CatalogueOfLife / data

Repository for COL content
6 stars 2 forks source link

Resync old sectors #669

Open mdoering opened 3 weeks ago

mdoering commented 3 weeks ago

Some sectors were last synced in 2020 before we actually went live with the new infrastructure. This results in some track records missing, e.g. the actual source record the name came from. We should resync all these sectors, even if no data has changed, just to update the source tracking.
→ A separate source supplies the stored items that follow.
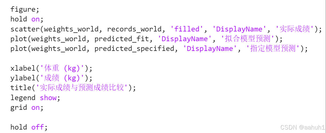 将实际成绩与拟合模型和指定模型的预测值进行比较,以评估模型的准确性。通过输出的表格,可以直观地观察到哪个模型更接近实际成绩。
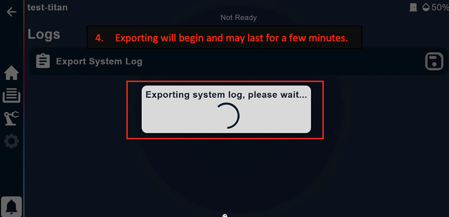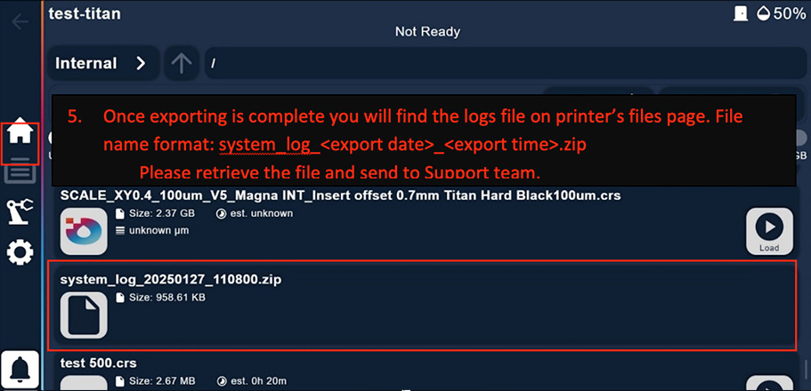 In cases where a higher extraction flow rate must be used, most of the fumes can be removed from Titan in a few minutes. After each print is finished, turn on the extraction for a short period of time before opening the printer door.
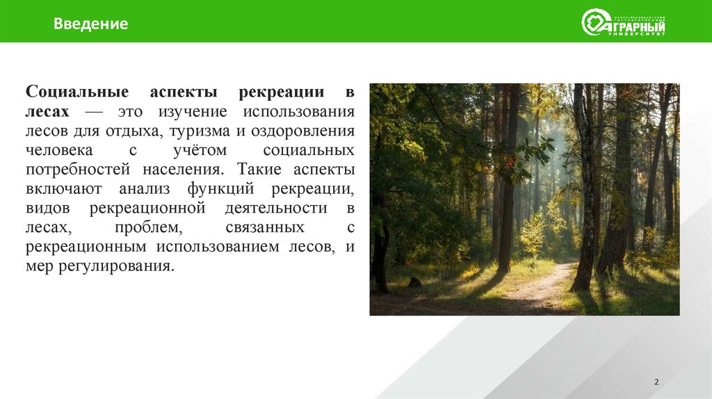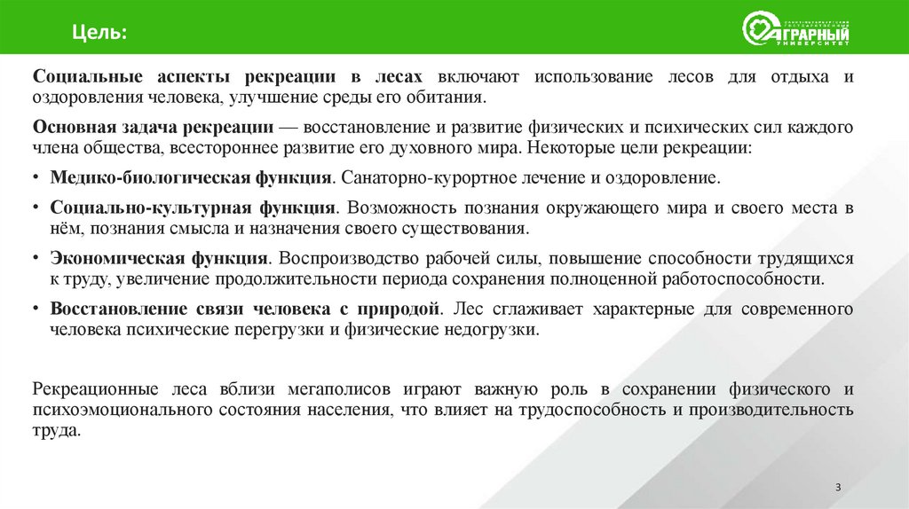 Цель:Социальные аспекты рекреации в лесах включают использование лесов для отдыха и
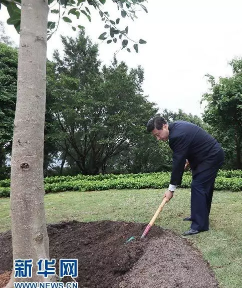 2012年12月,習近平在深圳蓮花山公園種下一棵高山榕樹
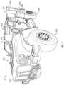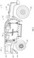 As shown inFIG.21, power conversion hardware1014 (e.g., a DC/DC converter) is coupled to therear module400 and structured to convert DC power received from either theIMG700, the motor/generator822, and/or theESS1000 and convert the DC power to power usable by the vehicle systems (e.g., 12 V, 24 V, and/or 48 V). Apower panel1016 is also coupled to therear module400 and provides a chargingplug1018 that can be used for plugging theESS1000 into an external power station for charging. Additionally, thepower panel1016 can include external power output that receive cords, plugs, or other power connections configured to provide power to external components and systems. AnAC power system1020 includes inverters that convert (i) available DC power from theIMG700, the motor/generator822, and/or theESS1000 into AC power for consumption by components of thevehicle10 and/or external systems and/or (ii) AC power from theIMG700 and/or the motor/generator82 into DC power for consumption by components of thevehicle10 and/or external systems. In some embodiments, the chargingplug1018 is an external plug positioned above the rear, driver side wheel well of therear module400.
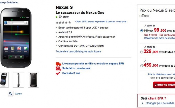 Le Nexus S est maintenant en vente chez SFR et vous pourrez choisir entre 2 couleurs, le noir ou le blanc.Les tarifs proposés par SFR vont de 99,90 € ( 149,90 - 50€ de remboursement ) avec un forfait 1h à 42,30 €/mois à 459,90 € avec SFR la carte.Notons tout de même que vous pouvez acheter le Nexus S seul pour 469 €.Perso je...
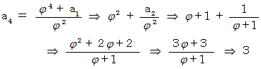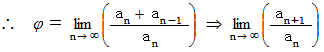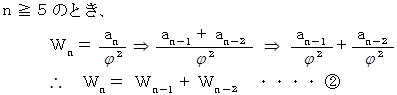 では、 逆に、 黄金比をフィボナッチ数列を用いて表すことはできないものでしょうか? できます。 私の別の論文 「 黄金比 」 を見ていただくとわかるのですが、 黄金比を連分数を使って表し、 それから黄金比の近似値を求める作業をしていきますと、 黄金比はフィボナッチ数列を用いて次のように表されることが解ります。
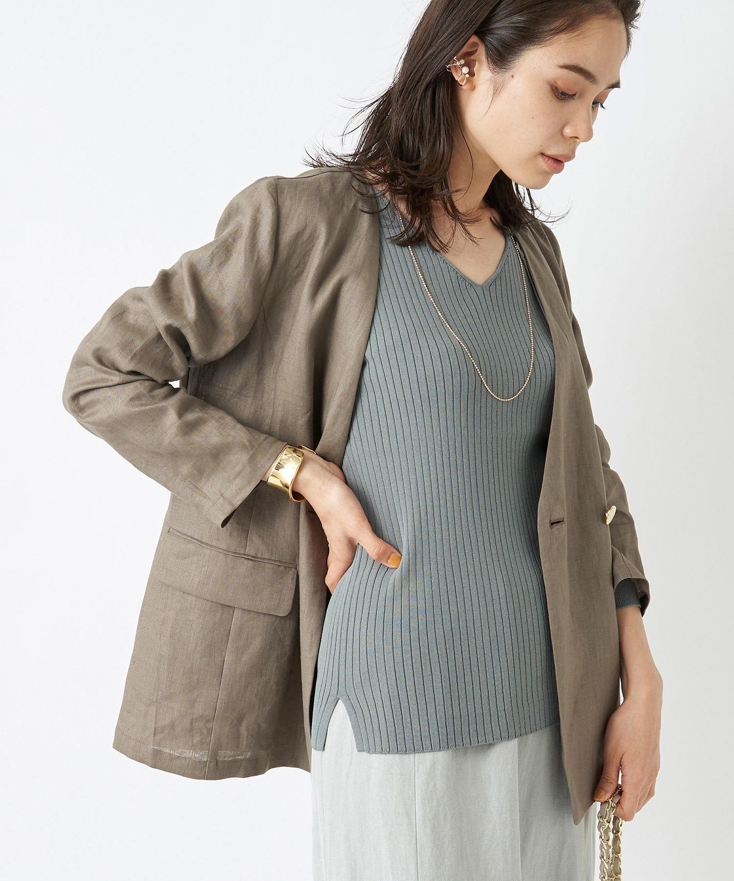 今期はきれいめカラーのアンサンブルニットに注目が集まっているので、トレンド感も抜群です。
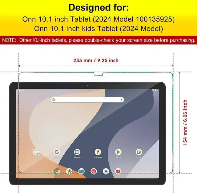 Compatibility: Screen Protector for Walmart Onn 10.1 inch Tablet (2024 Model 100135925) / Onn 10.1 inch kids Tablet (2024 Model); **NOTE** Other 10.1 -inch tablets please double-check your screen size before purchasing. Thank you.: ) -
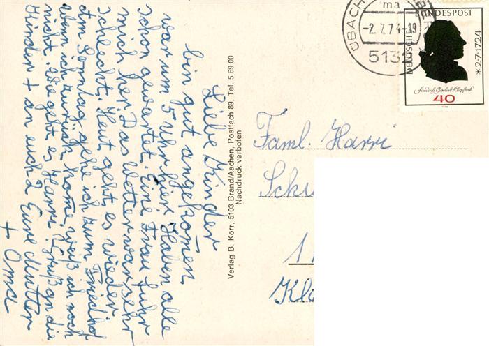 73878618 alte Postkarte Boscheln uebach-Palenberg Nikolaus-Becker-Strasse Goethestrasse Hofstrasse Roechlingstrasse Schule postalisch gelaufen Erhaltung siehe scans [FriedD77] KatCode: 11110005370028
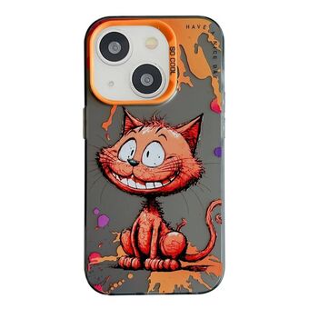 For iPhone 15 Animal Pattern Oil Painting Series PC + TPU Phone Case(Smiling Cat)
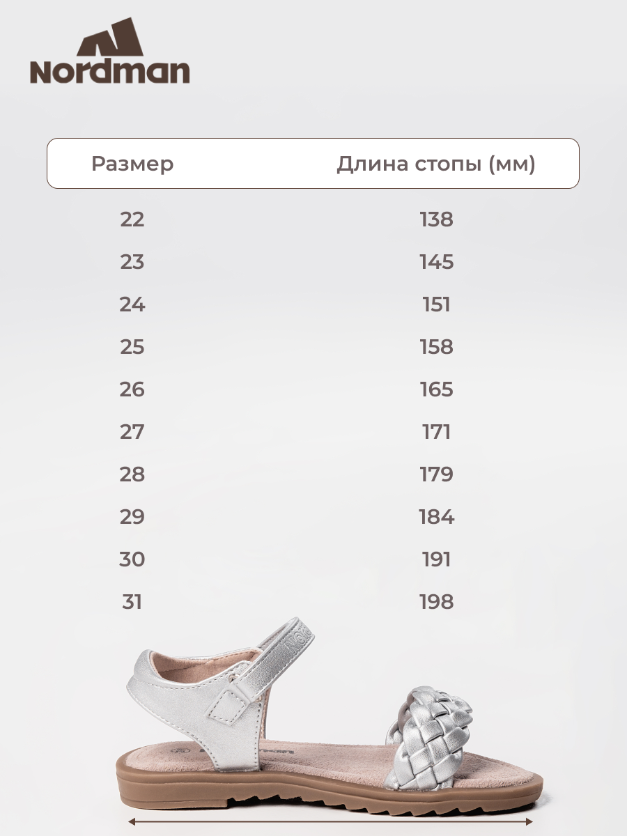 СохранитьБосоножки Nordman Весна-лето 2025, размер 31, серебряный интересное:
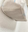 持ち手以外の部分にはすべて芯地を使用してしっかりと仕上げています。持ち手も生地を4枚重ねにして、丈夫に仕上げています。持ち手は長めにしていますので、肩掛けも可能です。
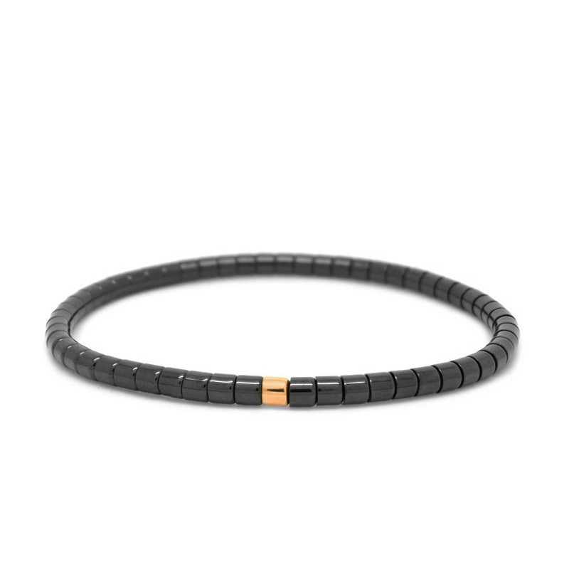 Pulsera elástica de cerámica negra brillo con un motivo en oro rosa de 18 quilates.
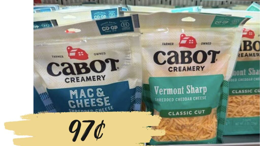 - Cabot Cheese Bar or Shredded Cheese, 6-8 oz, starting, B1G1 at $3.72 ($1.86)
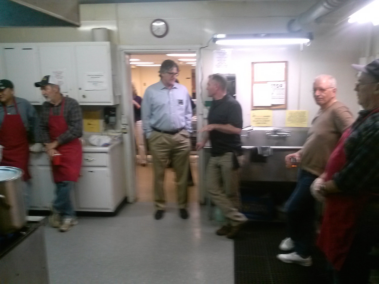 In the kitchen (LtoR) Br. Maurice Wong (partial), Br. John Satterfield, DGK John Bargero, Br. ???, PGK Rick Casazza, and Br. Tom McMahon.
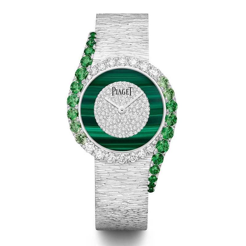 Limelight Gala也是伯爵上半年度的主力系列,雖然Limelight Gala向來(lái)都是可以素雅也可以華麗的呈現(xiàn),但因?yàn)樗谋須ぴ煨土Φ篮軌颍浅_m合用多彩寶石去呈現(xiàn),凸顯流暢線條帶出的視覺(jué)張力,今年這款以沙弗萊石搭配孔雀石面盤(pán)的新作,就是很能烘托Limelight Gala設(shè)計(jì)特色的搭配。表殼上沙弗萊石從淺到深、由小到大的漸變呈現(xiàn)方式很細(xì)致,鏈帶則是伯爵擅長(zhǎng)的宮廷式鏈帶裝飾,載在手上就像在銀色晚禮服縫制上綠色滾邊的裙擺,能隨著身體的輕擺搖曳出搶眼卻不浮夸的姿態(tài)。
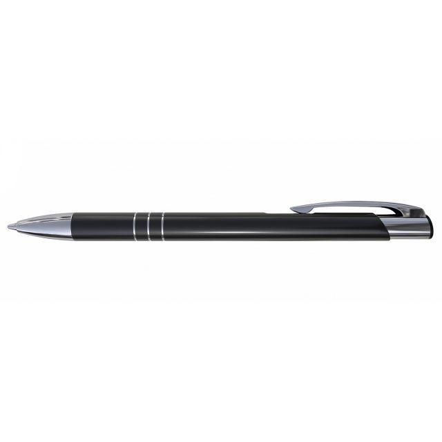 Pix retractabil metalic ptr. promo, albastru, corp negru, varf 0,7mm, Prestige Kalipso
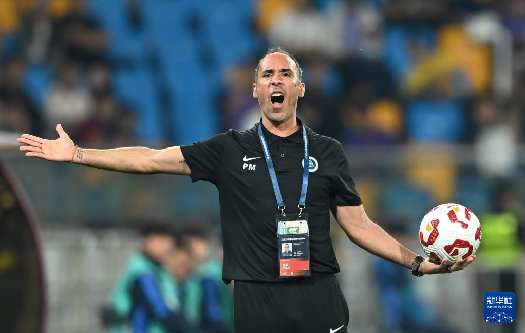 9月21日,深圳新鹏城队主教练穆尼奥斯在比赛中向边裁申请球队球权。
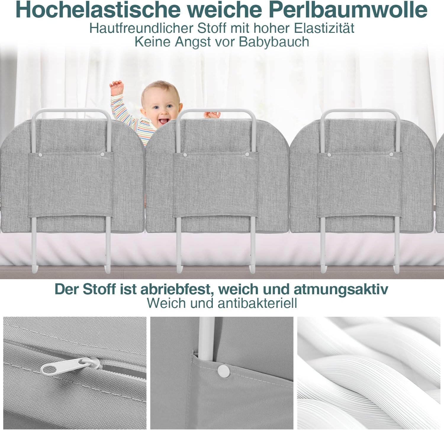 - - Hochwertiges Material: Der Eulenke Bettschutz verwendet einen robusten Rahmen aus Eisen und einen weichen, umweltfreundlichen Kern aus Perlenbaumwolle. Das Material ist zu 100% sicher, geruchlos, elastisch, atmungsaktiv und hautfreundlich.
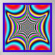 Optical Illusion: Among other things, the spiky design and the interchanging colours give this image a pulsating effect. The deformed shape of the web adds to the optical illusion of a dancing motion.
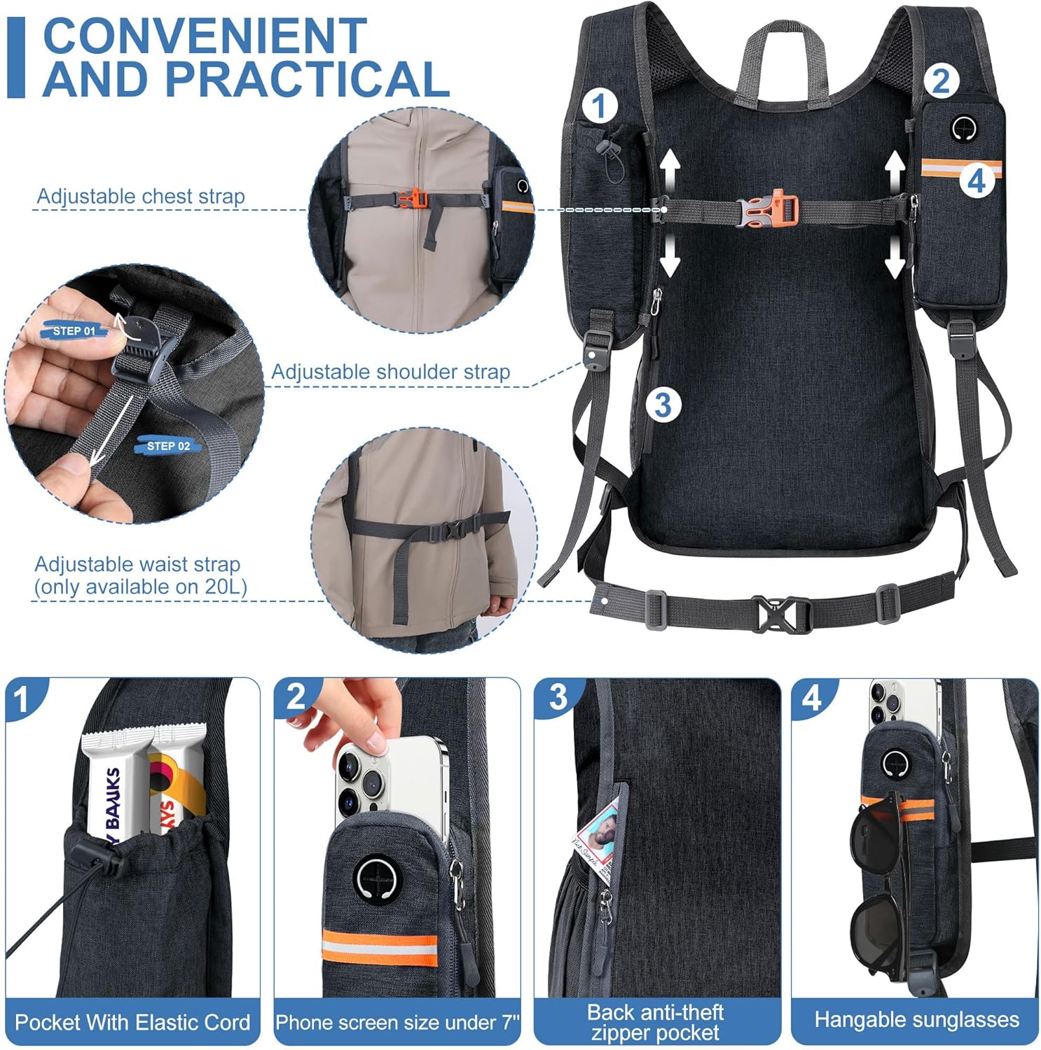 - Organized Multi-Pocket Design: With a capacity of 20L, this lightweight backpack for travel features several compartments, including a front elastic mesh pocket, a front zippered pocket, 2 water bottle holder, and a rear anti-theft zippered pocket, keeping your essentials organized and accessible.
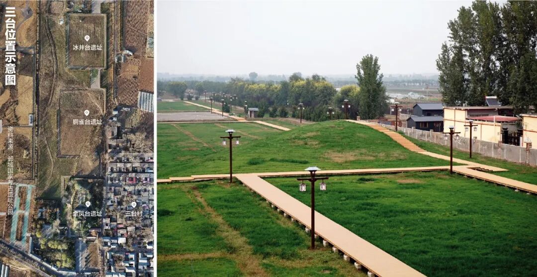 以金凤台为基准,正北方60步为铜雀台。如今铜雀台遗址的位置,与史料对三台方位和规模的记载吻合。再往北60步,就是冰井台,但遗址已丝毫不存。
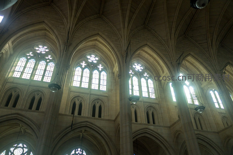 哥特式教堂穹顶与彩窗光影交织的神圣空间
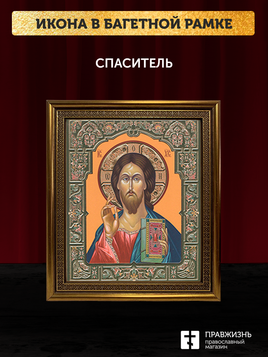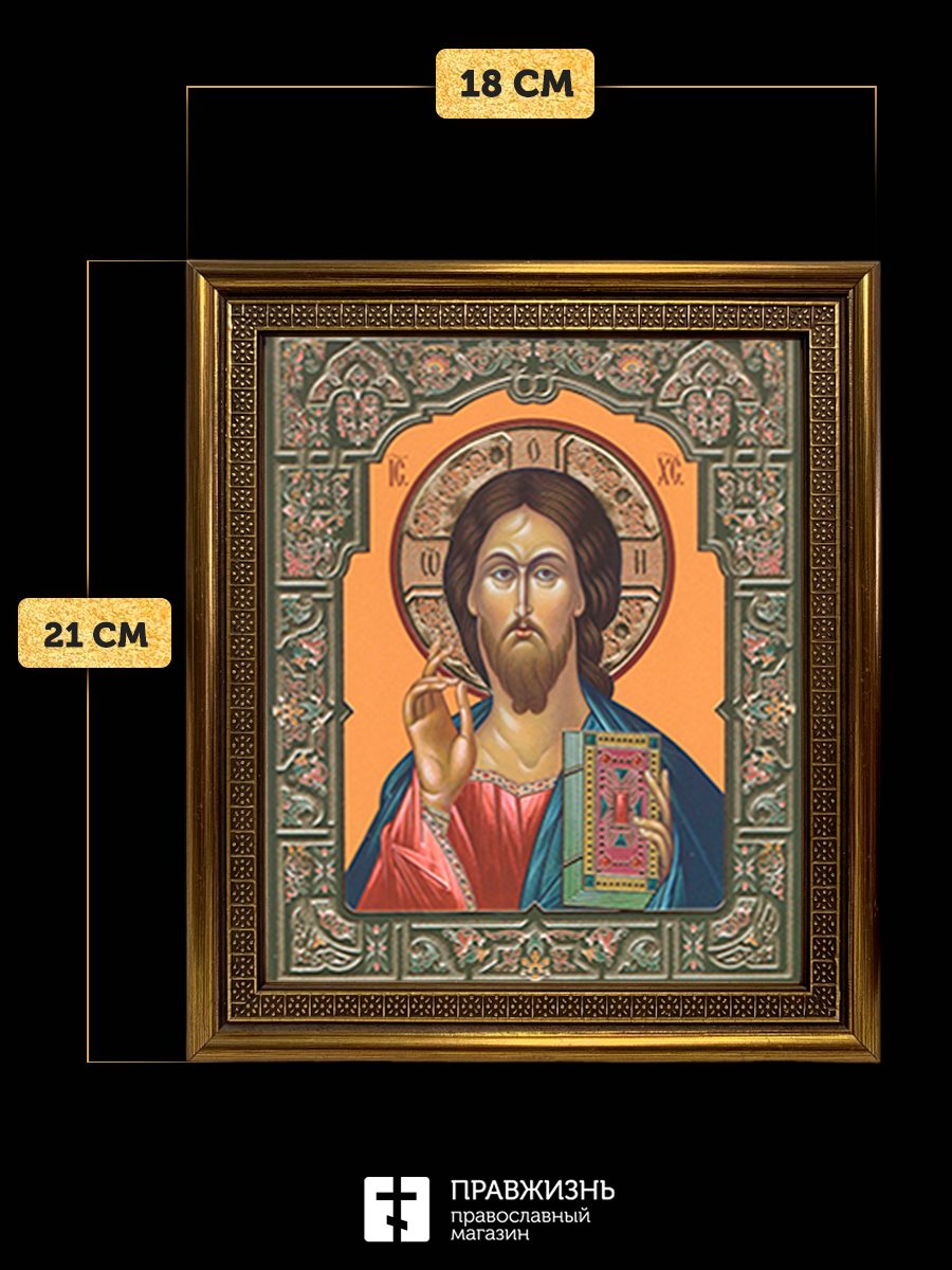 Икона Спаситель, бронзовая багетная рамка узкая с узором 15х18 см

The following sectors have last been synced before 2021:

SELECT s.id, s.subject_dataset_key, s.sync_attempt, si.finished, si.name_count, d.alias
 FROM sector s LEFT JOIN dataset d ON d.key=s.subject_dataset_key
 LEFT JOIN sector_import si ON si.dataset_key=s.dataset_key AND si.sector_key=s.id AND si.attempt=s.sync_attempt
 WHERE s.dataset_key=3 and si.finished < '01-01-2021';

sector| subject_dataset_key | sync_attempt |          finished          | name_count |                alias                 
-----+---------------------+--------------+----------------------------+------------+--------------------------------------
  104 |                1502 |            3 | 2020-08-04 17:14:59.04932  |          1 | Animal Biodiversity
  105 |                1502 |            3 | 2020-08-04 17:15:04.582723 |          2 | Animal Biodiversity
  106 |                1502 |            3 | 2020-08-04 17:15:14.924242 |          2 | Animal Biodiversity
  107 |                1502 |            3 | 2020-08-04 17:15:20.259852 |          2 | Animal Biodiversity
   46 |                1502 |            4 | 2020-08-04 17:14:49.439559 |          1 | Animal Biodiversity
   47 |                1502 |            3 | 2020-08-04 17:14:54.64497  |          1 | Animal Biodiversity
  280 |                1118 |            6 | 2020-07-18 05:03:38.083611 |        103 | HymIS Crabronidae & Rhopalosomatidae
  521 |                1104 |            7 | 2020-07-18 09:08:50.167303 |         36 | Phoronida Database
  584 |                1033 |            6 | 2020-07-19 05:53:50.31922  |          3 | Trichomycetes
  668 |                1502 |            3 | 2020-08-04 17:15:09.778921 |          2 | Animal Biodiversity
  613 |                1033 |            6 | 2020-07-19 05:54:09.778051 |        170 | Trichomycetes
  736 |                1078 |            1 | 2020-08-13 22:01:23.916943 |        984 | Mites GSD Tenuipalpidae
  730 |                1070 |            1 | 2020-08-13 21:53:58.12986  |       2514 | Mites GSD Phytoseiidae
(13 rows)
yroskov commented 3 weeks ago

The problem is that I made a lot of cleanings for duplicated taxa. Some of them, directly in the project (for the reasons). Your suggestion to complete syncs is too late and can vanish part of my work. Such steps should be done at the beginning of the cycle.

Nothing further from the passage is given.